• Exercise goal
Nothing but the lines from the one with "竭泽而渔!俄罗斯拟下调鳕鱼捕捞尺寸" through the end of the data should be set down, each exactly as written, and no picture should be included.

• Material provided
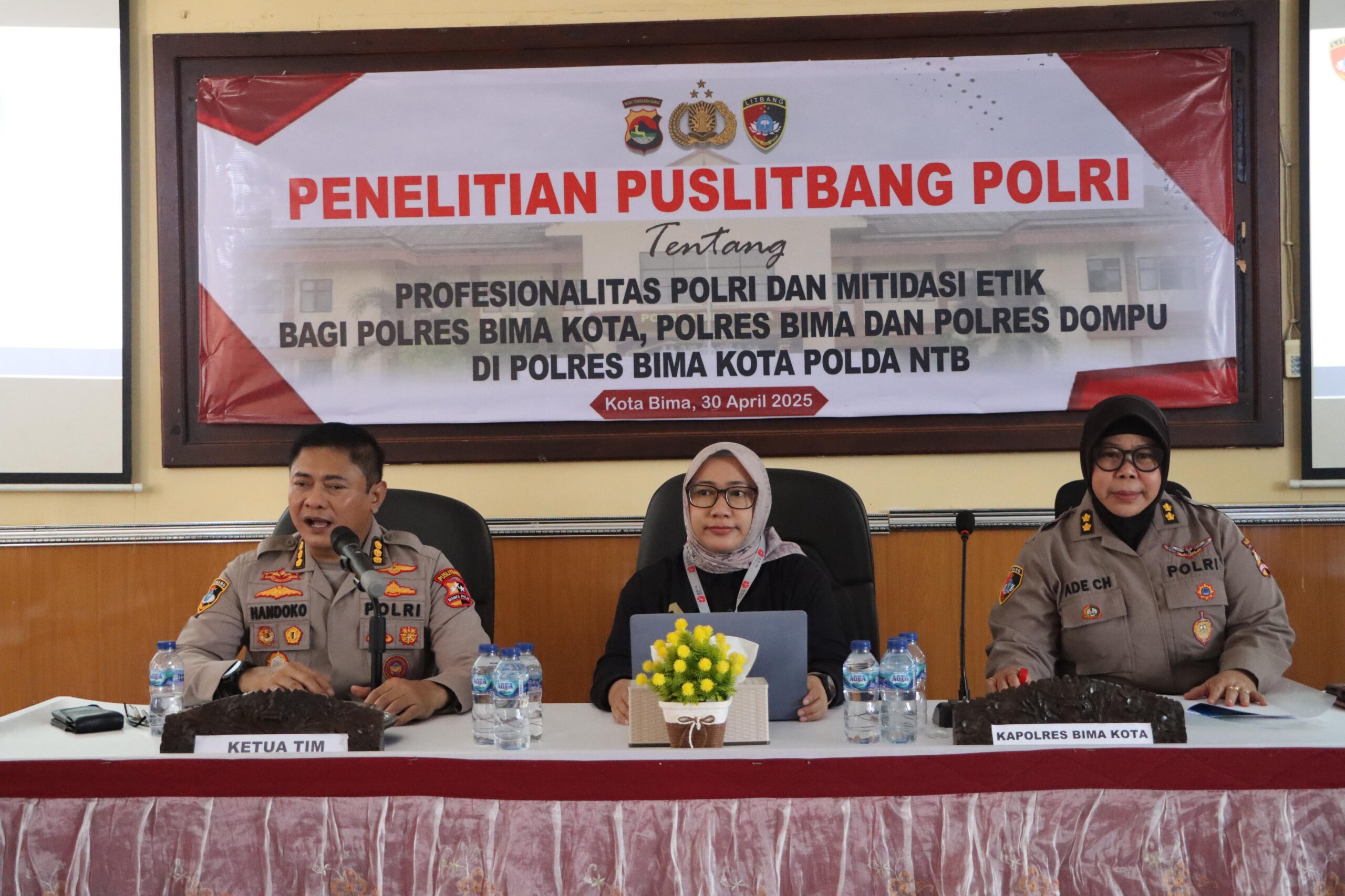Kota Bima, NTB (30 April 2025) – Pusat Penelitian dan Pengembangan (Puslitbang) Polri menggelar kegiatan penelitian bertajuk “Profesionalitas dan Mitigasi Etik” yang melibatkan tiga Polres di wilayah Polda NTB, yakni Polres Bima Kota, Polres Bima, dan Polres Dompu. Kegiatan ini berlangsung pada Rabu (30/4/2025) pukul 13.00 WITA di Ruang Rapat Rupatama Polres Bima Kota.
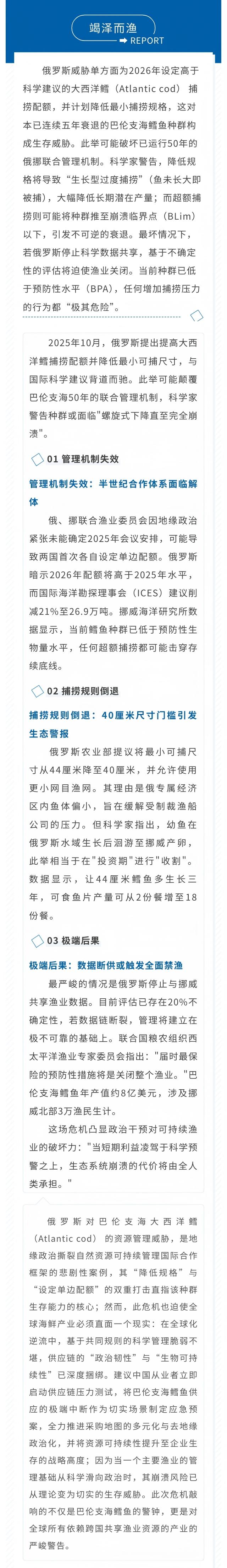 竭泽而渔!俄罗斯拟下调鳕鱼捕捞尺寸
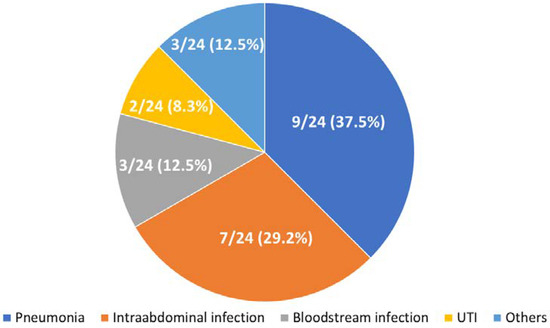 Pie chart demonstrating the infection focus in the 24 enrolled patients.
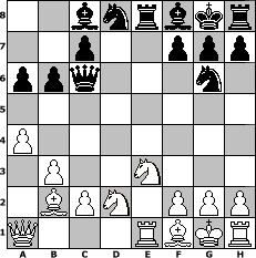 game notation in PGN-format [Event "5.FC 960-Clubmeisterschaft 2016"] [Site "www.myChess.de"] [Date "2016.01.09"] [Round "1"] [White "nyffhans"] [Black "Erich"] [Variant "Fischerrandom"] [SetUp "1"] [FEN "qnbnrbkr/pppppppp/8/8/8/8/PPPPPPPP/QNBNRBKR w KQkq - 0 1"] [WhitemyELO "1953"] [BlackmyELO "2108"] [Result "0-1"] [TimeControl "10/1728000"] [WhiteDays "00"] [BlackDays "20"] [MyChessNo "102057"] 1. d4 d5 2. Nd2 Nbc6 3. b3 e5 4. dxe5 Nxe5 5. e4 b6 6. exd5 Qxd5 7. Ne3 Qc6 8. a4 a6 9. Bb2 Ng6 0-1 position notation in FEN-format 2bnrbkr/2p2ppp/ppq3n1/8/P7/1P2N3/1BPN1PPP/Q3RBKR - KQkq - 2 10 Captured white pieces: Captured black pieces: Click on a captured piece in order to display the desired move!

• Answer space
 竭泽而渔!俄罗斯拟下调鳕鱼捕捞尺寸
 Pie chart demonstrating the infection focus in the 24 enrolled patients.
 game notation in PGN-format [Event "5.FC 960-Clubmeisterschaft 2016"] [Site "www.myChess.de"] [Date "2016.01.09"] [Round "1"] [White "nyffhans"] [Black "Erich"] [Variant "Fischerrandom"] [SetUp "1"] [FEN "qnbnrbkr/pppppppp/8/8/8/8/PPPPPPPP/QNBNRBKR w KQkq - 0 1"] [WhitemyELO "1953"] [BlackmyELO "2108"] [Result "0-1"] [TimeControl "10/1728000"] [WhiteDays "00"] [BlackDays "20"] [MyChessNo "102057"] 1. d4 d5 2. Nd2 Nbc6 3. b3 e5 4. dxe5 Nxe5 5. e4 b6 6. exd5 Qxd5 7. Ne3 Qc6 8. a4 a6 9. Bb2 Ng6 0-1 position notation in FEN-format 2bnrbkr/2p2ppp/ppq3n1/8/P7/1P2N3/1BPN1PPP/Q3RBKR - KQkq - 2 10 Captured white pieces: Captured black pieces: Click on a captured piece in order to display the desired move!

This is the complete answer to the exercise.